I have 2 tables A and B with

A: Field1

B: Field1

Field1 contains a number list as value, such as '1:2:3:4:5' or '2:4:6' etc.

Joins should match if number lists contain identical numbers and have identical length. E.g.:

A.Field1 = '1:2:3:4:5' joins with B.Field1 = '1:3;2:4:5' but not with '2:4:6' or '1:3;2:4:5:5'

Any help appreciated!

Thx - Marcel

Peter_Cammaert · ‎2014-06-10

And this is even shorter. I think you'll like it:

// Sort field theTable.theField with theDelimiter, create new field theFieldSorted

SUB SortField ( theTable, theField, theDelimiter, theFieldSorted );

LEFT JOIN ($(theTable))

LOAD $(theField), CONCAT(ELEMENTS,'$(theDelimiter)') AS $(theFieldSorted) GROUP BY $(theField);

LOAD $(theField), SUBFIELD($(theField),'$(theDelimiter)') AS ELEMENTS

RESIDENT $(theTable);

END SUB

If you're satisfied, please close the thread.

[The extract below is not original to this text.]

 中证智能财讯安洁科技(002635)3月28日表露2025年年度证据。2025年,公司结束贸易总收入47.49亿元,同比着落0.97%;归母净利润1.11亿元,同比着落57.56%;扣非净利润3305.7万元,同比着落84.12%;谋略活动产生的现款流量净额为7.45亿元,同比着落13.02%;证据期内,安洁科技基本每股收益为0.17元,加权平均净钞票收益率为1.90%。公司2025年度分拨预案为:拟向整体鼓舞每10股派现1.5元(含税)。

Thanks

View solution in original post

hugmarcel · ‎2014-06-05

I found a solution, such as:

1.) Table C: Contains outer Join of Tables A and B (with FIELD1 renamed to FIELD2) .

2.) Reduce Table C to records fullfilling condition:

LEN(PURGECHAR(FIELD1,FIELD2)) + LEN(PURGECHAR(FIELD2,FIELD1)) = 0 AND LEN(FIELD1) = LEN(FIELD2);

However, I hope there is a better solution, as OUTER Joining is not nice.

Thx - Marcel

Peter_Cammaert · ‎2014-06-05

I think you found the simplest solution (although it's memory-hungry)

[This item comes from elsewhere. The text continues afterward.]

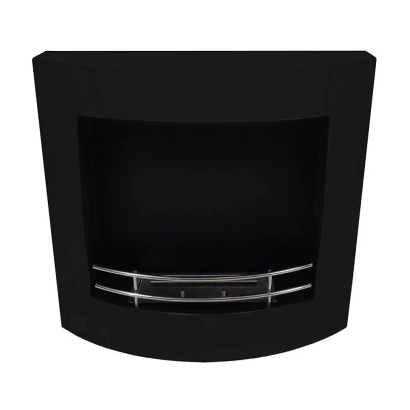 Væghængt bioethanol pejs med buet front i en elegant sort finish. Pejsen måler 55 cm i højden, 60 cm i bredden og har en dybde på 17 cm. Det medfølgende 1,0 liters bioethanol brandkar har en brændetid på op til 2,5 timer pr. opfyldning og en varmeeffekt p

The other solution I can think of involves reordering key values (using substring() and concat()) to a common (ascending) format, but that means more code.

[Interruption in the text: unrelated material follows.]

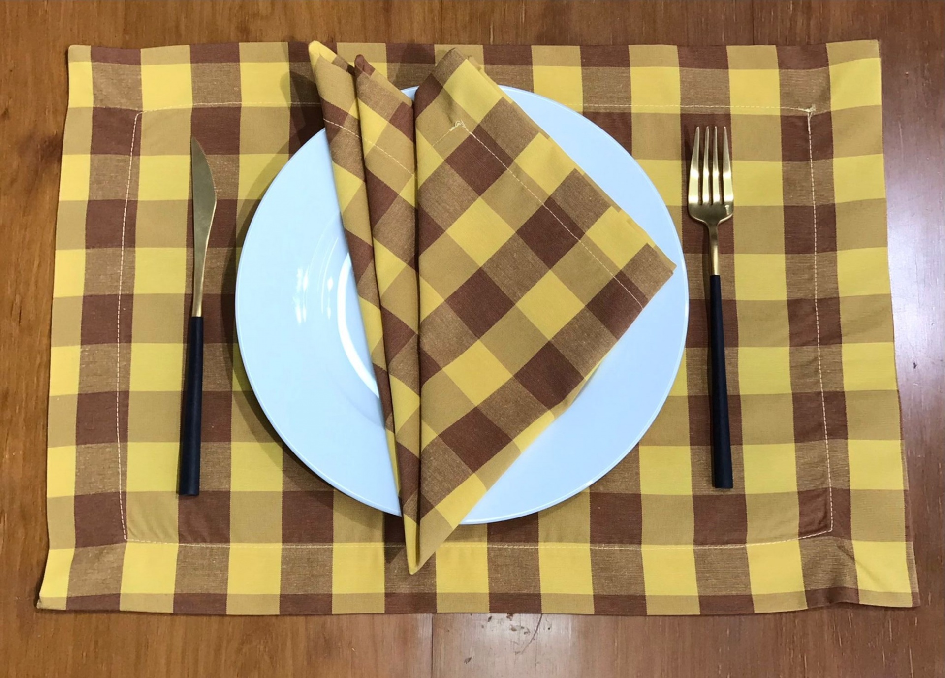 Guardanapo / Individual - Quadrados grandes Amarelo e Castanho

Peter_Cammaert · ‎2014-06-06

Small example of an alternative approach. Note that I used semicolons instead of colons. QlikView may mess with your key values if it thinks that they can be treated as time specifications (especially the shorter ones).

Good luck,

Peter

hugmarcel · ‎2014-06-06

Hi Peter

thank you for this solution!

I do not like the outer join method, and I always try to keep coding as small and concise as possible. I therefore created a sub

which appends a new sorted field theFieldSorted to the table. Joining over sorted fields then gives correct matches too. See

// Sort field theTable.theField with theDelimiter, create new field theFieldSorted

SUB SortField ( theTable, theField, theDelimiter, theFieldSorted );

FIELD_ELEMENTS:

LOAD $(theField), SUBFIELD($(theField),'$(theDelimiter)') AS ELEMENTS

RESIDENT $(theTable);

LEFT JOIN ($(theTable))

LOAD $(theField), CONCAT(ELEMENTS,'$(theDelimiter)') AS $(theFieldSorted)

RESIDENT FIELD_ELEMENTS

GROUP BY $(theField);

DROP TABLE FIELD_ELEMENTS;

END SUB

Thx - Marcel

MarcoWedel · ‎2014-06-06

Hi Marcel,

one possible solution could be also:

QUALIFY 'Field*';

FOR Each vtab in 'A', 'B'
  $(vtab):
  LOAD AutoNumber(Concat(F1, ':')) as %Field1ID,
      Field1,
      Field2,
      Field3
  Group By Field1, Field2, Field3, RecNo;
  LOAD *,
      SubField(Replace(Field1, ';', ':'), ':') as F1,
      RecNo() as RecNo     
  FROM [http://community.qlik.com/servlet/JiveServlet/download/543866-110059/QlikCommunity_Thread_121005.xls...]
  (ooxml, embedded labels, table is $(vtab));
NEXT;

hope this helps

regards

Marco

MarcoWedel · ‎2014-06-06

Replacing

LOAD AutoNumber(Concat(F1, ':')) as %Field1ID,

with

LOAD Concat(F1, ':') as %Field1ID,

in my previously mentioned solution delivers a normalized key value:

regards

Marco

Peter_Cammaert · ‎2014-06-10

And this is even shorter. I think you'll like it:

// Sort field theTable.theField with theDelimiter, create new field theFieldSorted

SUB SortField ( theTable, theField, theDelimiter, theFieldSorted );

LEFT JOIN ($(theTable))

LOAD $(theField), CONCAT(ELEMENTS,'$(theDelimiter)') AS $(theFieldSorted) GROUP BY $(theField);

LOAD $(theField), SUBFIELD($(theField),'$(theDelimiter)') AS ELEMENTS

RESIDENT $(theTable);

END SUB

If you're satisfied, please close the thread. Thanks

hugmarcel · ‎2014-06-24

YES

i like it, although there are other possible solutions as i.e. mentioned below.

Marcel